2.5. Vibrazioni in volo prima e dopo la regolazione dell'ammortizzatore
Oltre ai test di vibrazione a terra dopo il bilanciamento dell'elica (sezione 2.3), sono state effettuate anche misurazioni delle vibrazioni dello Yak-52 in volo.
Le vibrazioni in volo sono state misurate nella cabina del secondo pilota in direzione verticale utilizzando un analizzatore di spettro portatile AD-3527 di A&D (Giappone) nell'intervallo di frequenza da 5 a 200 (500) Hz. Le misurazioni sono state effettuate a cinque modalità principali di velocità del motore: 60%, 65%, 70%, 82% e 94% di frequenza di rotazione massima.
I risultati ottenuti prima della regolazione degli ammortizzatori sono presentati nella Tabella 2.2.

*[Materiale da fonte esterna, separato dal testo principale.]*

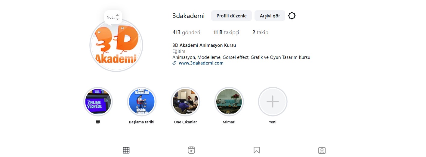 2006 yılından bu yana İstanbul’un kalbinde, Şişli’de hizmet veren 3D Akademi, animasyon ve tasarım alanında Türkiye’nin önde gelen eğitim kurumlarından biridir. Hem yeni başlayanlar hem de profesyoneller için kapsamlı eğitim programları sunan 3D Akademi, 2D ve 3D tasarım, mimari programlar, grafik tasarım, hareketli grafikler, video montaj, oyun programlama, 3D karakter modelleme, animasyon, çizgi film gibi birçok alanda uzmanlaşmış eğitimler vermektedir. Bugüne kadar 6 bini aşkın mezun veren kurum, sektördeki başarısını her geçen gün daha da pekiştirmektedir.

| # | Velocità dell'elica | Componenti dello spettro di vibrazione, frequenza (CPM) / ampiezza (mm/sec) |
VSi, mm/sec |
||||||||
|---|---|---|---|---|---|---|---|---|---|---|---|
| % | giri al minuto | Vpagina 1 | Vn | Vc1 | Vpagina 2 | Vc2 | Vpagina 4 | Vc3 | Vpagina 5 | ||
| 1 | 60 | 1155 | 1155 4.4 |
1560 1.5 |
1755 1.0 |
2310 1.5 |
3510 4.0 |
4620 1.3 |
5265 0.7 |
5775 0.9 |
6.1 |
| 2 | 65 | 1244 | 1244 3.5 |
1680 1.2 |
1890 2.1 |
2488 1.2 |
3780 4.1 |
4976 0.4 |
5670 1.2 |
6.2 | |
| 3 | 70 | 1342 | 1342 2.8 |
1860 0.4 |
2040 3.2 |
2684 0.4 |
4080 2.9 |
5369 2.3 |
5.0 | ||
| 4 | 82 | 1580 | 1580 4.7 |
2160 2.9 |
2400 1.1 |
3160 0.4 |
4800 12.5 |
13.7 | |||
| 5 | 94 | 1830 | 1830 2.2 |
2484 3.4 |
2760 1.7 |
3660 2.8 |
5520 15.8 |
7320 3.7 |
17.1 | ||
Vp = armoniche dell'elica (1a, 2a, 4a, 5a) Vn = compressore/sensore di frequenza Vc1, Vc2, Vc3 = albero motore 1°, 2°, 3° Valore superiore = frequenza (CPM), inferiore = ampiezza (mm/sec).

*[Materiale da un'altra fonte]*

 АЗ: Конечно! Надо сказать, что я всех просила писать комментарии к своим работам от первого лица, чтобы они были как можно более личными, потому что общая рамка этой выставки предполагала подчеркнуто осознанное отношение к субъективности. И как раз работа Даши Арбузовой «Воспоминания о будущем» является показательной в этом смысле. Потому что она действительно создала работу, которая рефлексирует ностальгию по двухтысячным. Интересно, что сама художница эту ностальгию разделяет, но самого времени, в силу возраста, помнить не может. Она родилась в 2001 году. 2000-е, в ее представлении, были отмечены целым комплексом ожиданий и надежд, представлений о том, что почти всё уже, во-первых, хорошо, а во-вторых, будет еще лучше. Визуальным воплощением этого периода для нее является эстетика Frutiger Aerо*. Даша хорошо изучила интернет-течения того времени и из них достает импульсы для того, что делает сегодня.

Come si vede dalla Tabella 2.2, le principali componenti delle vibrazioni si manifestano alla frequenza di rotazione dell'elica Vpagina 1, la frequenza dell'albero motore Vc1, il compressore d'aria (e/o il sensore di frequenza) aziona Vn, e le loro armoniche superiori.
Vibrazione totale massima VSi è stato trovato nelle modalità 82% (1580 giri/min) e 94% (1830 giri/min). La componente dominante in queste modalità appare alla seconda armonica della frequenza di rotazione dell'albero motore Vc2, raggiungendo 12,5 mm/sec a 4800 cicli/min e 15,8 mm/sec a 5520 cicli/min.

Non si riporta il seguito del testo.